╔══

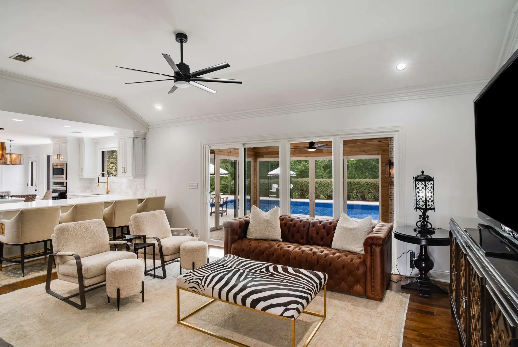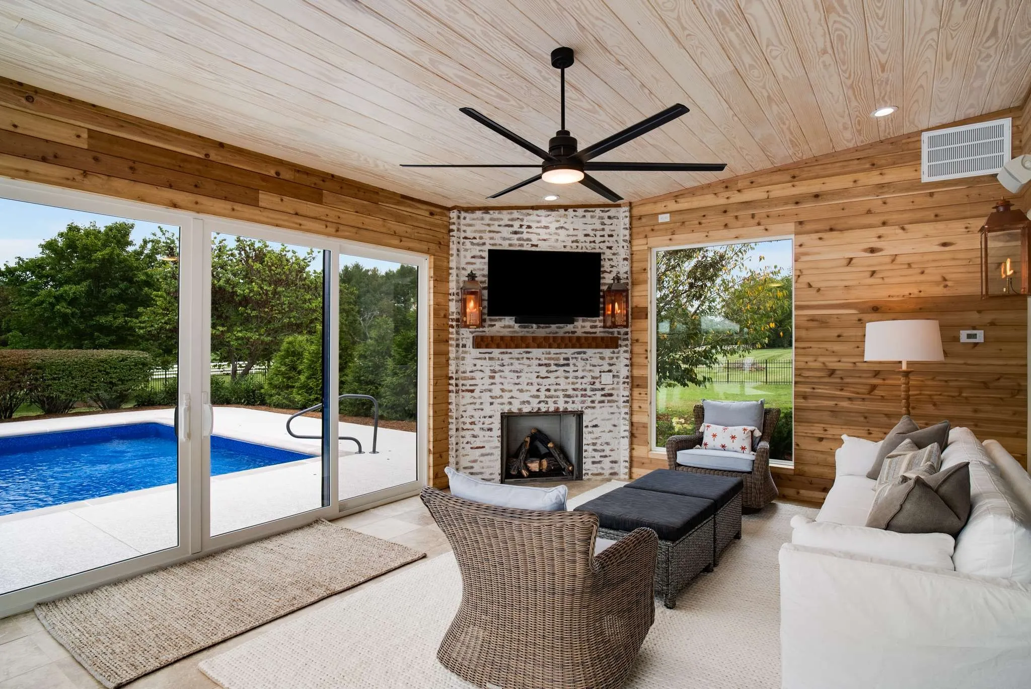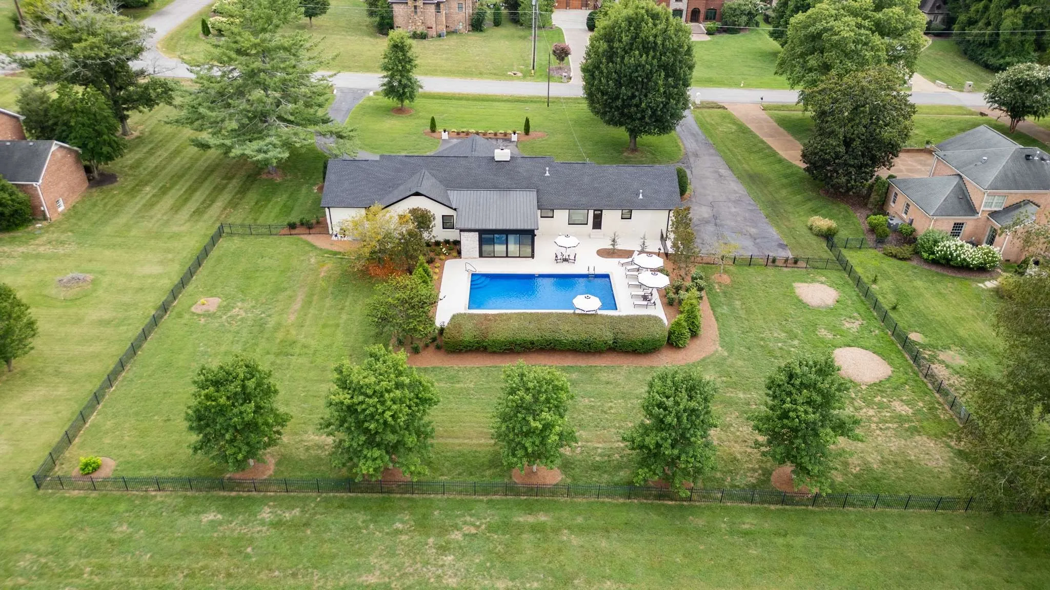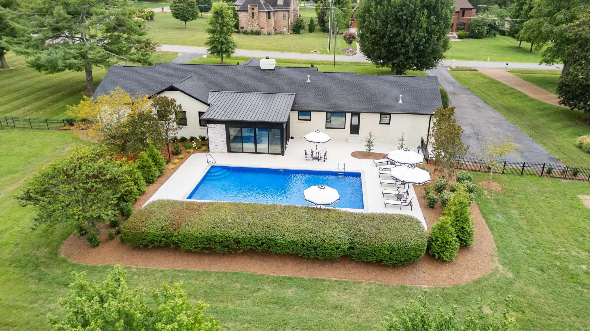 Open House this Sunday, August 18, 2 to 4. Under contract but still showing for back-up offers. Stunning, renovated 4BR/3.5BA ranch home in a quiet neighborhood w/in minutes of Warner Parks, Cheekwood. This lovely home sits on a flat, expansive acre lot, with a fenced-in backyard, saltwater pool and new 4 Seasons room. The beautiful pool & deck were resurfaced in 2024. Spacious 3487 sq. ft. plus an additional 320 sq. ft. in the new 4 Seasons room. 4 Seasons room includes a gas fireplace and cedar wood ceiling. Family room w/ gas burning fireplace opens to the updated kitchen w/ new appliances, lighting, backsplash and countertop. New Primary Suite bathroom with tub and shower. Hardwoods throughout the main floor. Bonus/media room upstairs. Attached 2-car garage has epoxy floors. New copper gas lanterns in the front and back. All exterior doors replaced. New stucco over brick. Williamson county, zoned for top-rated Grassland Elementary & Middle and Franklin High School. No HOA.
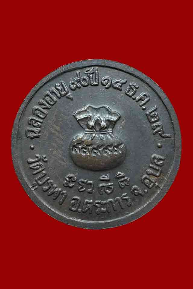 เหรียญขวัญถุง ฉลองอายุ90ปี พระครูพิศาลสังฆกิจ (หลวงปู่โทน) วัดบูรพา จ.อุบลฯ ปี 2529 |
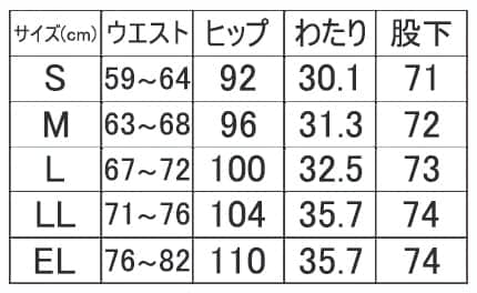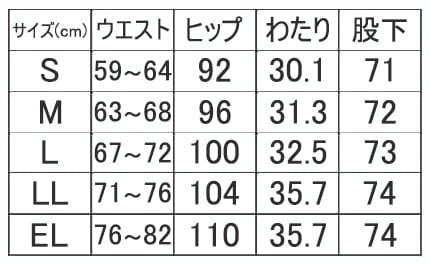 | サイズ (cm) | ウエスト対応 | ヒップ | わたり | 股下 |
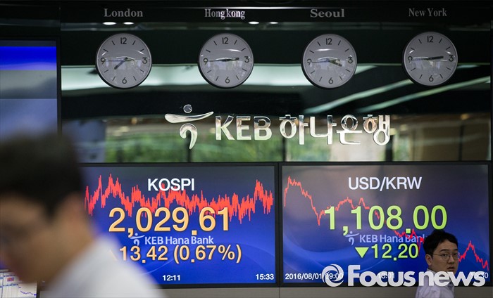 (서울=포커스뉴스) 증권·파생상품 시장, 금 시장의 정규장 매매거래 시간이 30분씩 연장된 1일 오후 서울 중구 KEB외환은행 본점 딜링룸에서 딜러들이 업무를 보고 있다. 이날 코스피는 13.42(0.67%) 오른 2029.61에 마감했으며, 원·달러 환율은 전날보다 12.2원 내린 1108.0원에 거래를 마쳤다.
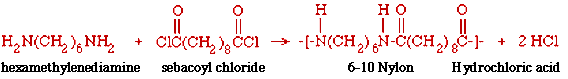 A standard demonstration of the reaction that makes Nylon (a polyamide) uses hexamethylenediamine and sebacoyl chloride. The product is called 6-10 Nylon and consists of alternating units contributed by the hexamethylened iamine (6 carbon atoms) and the sebacoyl chloride (10 carbon atoms).

╚══

Once you find the line with "ヒップ | わたり | 股下 |", restate it and every later line of the data word for word, excluding the pictures.

* [Result of the exercise]:
 | サイズ (cm) | ウエスト対応 | ヒップ | わたり | 股下 |
 (서울=포커스뉴스) 증권·파생상품 시장, 금 시장의 정규장 매매거래 시간이 30분씩 연장된 1일 오후 서울 중구 KEB외환은행 본점 딜링룸에서 딜러들이 업무를 보고 있다. 이날 코스피는 13.42(0.67%) 오른 2029.61에 마감했으며, 원·달러 환율은 전날보다 12.2원 내린 1108.0원에 거래를 마쳤다.
 A standard demonstration of the reaction that makes Nylon (a polyamide) uses hexamethylenediamine and sebacoyl chloride. The product is called 6-10 Nylon and consists of alternating units contributed by the hexamethylened iamine (6 carbon atoms) and the sebacoyl chloride (10 carbon atoms).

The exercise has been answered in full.